One advantage of this is you can catch unexpected API changes - if for some reason the response no longer matches the schema, with proper error handling you can make it so an alert is triggered.
try {
const orderResponse = fromJson(orderResponseSchema, {
orderId: '123',
orderStatus: 'FULFILLED',
...
})
} catch (error) {
showNotification("The server returned an unexpected response.")
}
You can show a descriptive error specifying what went wrong rather than failing silently or throwing a generic JavaScript TypeError.
It is useful to add error handling when protobuf methods are used - otherwise it may fail silently without communicating the cause.

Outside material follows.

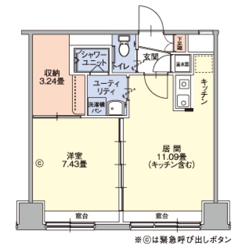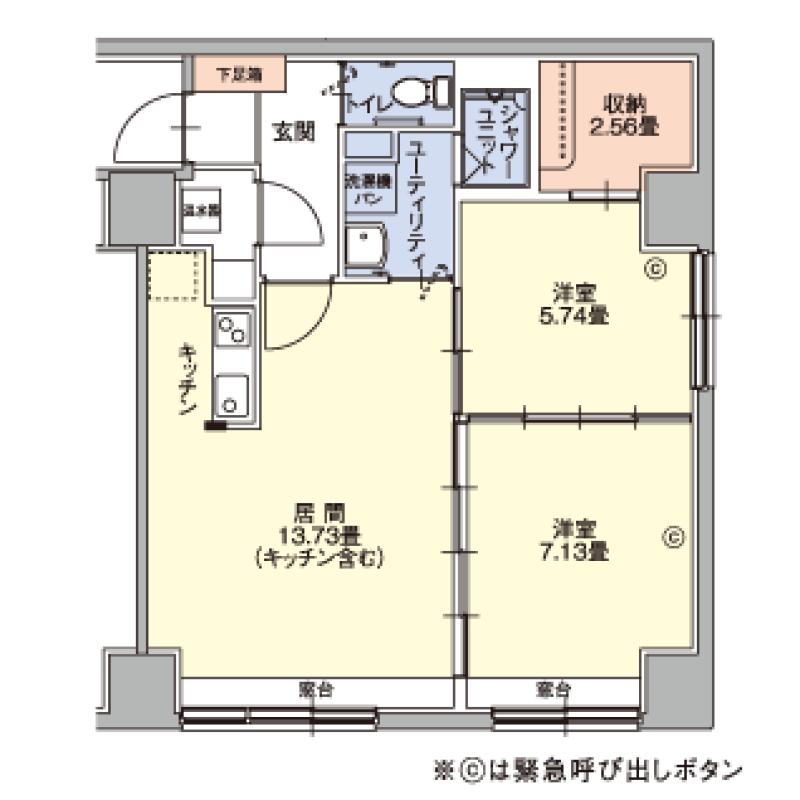 キッチン、照明、電磁調理器、電気パネルヒーター、電気温水器、収納、下足入れ、洗面、シャワー室、トイレ(ウォシュレット付)、緊急呼び出しボタン

Pitfall: Unexpected New Properties Cause Errors
When using fromJson(), an error will be thrown if an unexpected property is present. This may break functionality if your frontend protobufs are not continuously updated to match the backend.
Generally, if there are non-breaking changes to the backend protobufs (i.e., new properties added to the protobuf that have not yet been incorporated into the frontend), you will not want fromJson() to throw an error. Such runtime error handling is most useful to alert you to breaking changes such as the removal of or changes to the type/names of properties that are already being used on the frontend.

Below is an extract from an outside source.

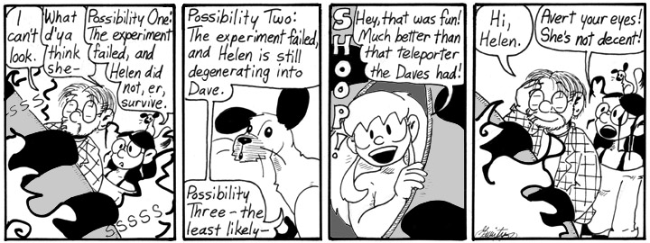 “Weeks ago“? It was about, what, 14 days after the teleporter mishap (before which they were, you know, on the island) when Helen asked Dave out? And the day after was when she started looking for a fix, and assuming the new telepods took about a day of construction, that brings us to this strip. Hmmmm.
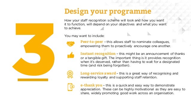 Encourage peertopeer recognition Recognition from colleagues is just as important as being recognized by leadership Peertopeer recognition builds employee engagement and helps establish a positive company culture In fact, research shows that peertopeer recognition can boost employee performance by as much as 14 percent. Ideally, you shouldn’t announce the employee recognition program in an email or on your website Instead, you should explain it at a team meeting If you have a very large company with multiple offices, consider traveling around to the different offices to talk about the program. PeertoPeer Recognition Welcome to company name’s staff recognition programme – “Appreciate, Celebrate & Congratulate” The goal of this webbased program is to enable you to provide instantaneous and personal recognition when one or more of your coworkers goes above and beyond in their job duties “Appreciate, Celebrate & Congratulate” is a fun way to provide visibility for successes, identify rising stars, encourage positive personal interaction and communication, and.

Fortunately, protobuf-es has an option that prevents this: ignoreUnknownFields
By default, unknown properties are rejected. This option overrides that behavior and ignores properties, as well as unrecognized enum string representations.
ignoreUnknownFields: true will prevent fromJson from throwing an error if there are new "unknown" fields present in the response.
Example:
const orderResponse = fromJson(orderResponseSchema, {
orderId: '123',
orderStatus: 'FULFILLED',
...
},
{ ignoreUnknownFields: true }
)
Conclusion
Using protobufs through a gRPC-Gateway presents some challenges that can be solved through proper use of the conversion methods that protobuf-es provides. This can be useful for catching unexpected API changes at runtime. However, on the front-end the performance benefits provided by gRPC are largely negated by the gateway. If you are committed to the gateway and do not have future plans to use a library that takes advantage of gRPC's increased speed, directly using the JSON types generated by protobuf-es through the JSON_types=true option may be a simpler and more maintainable solution.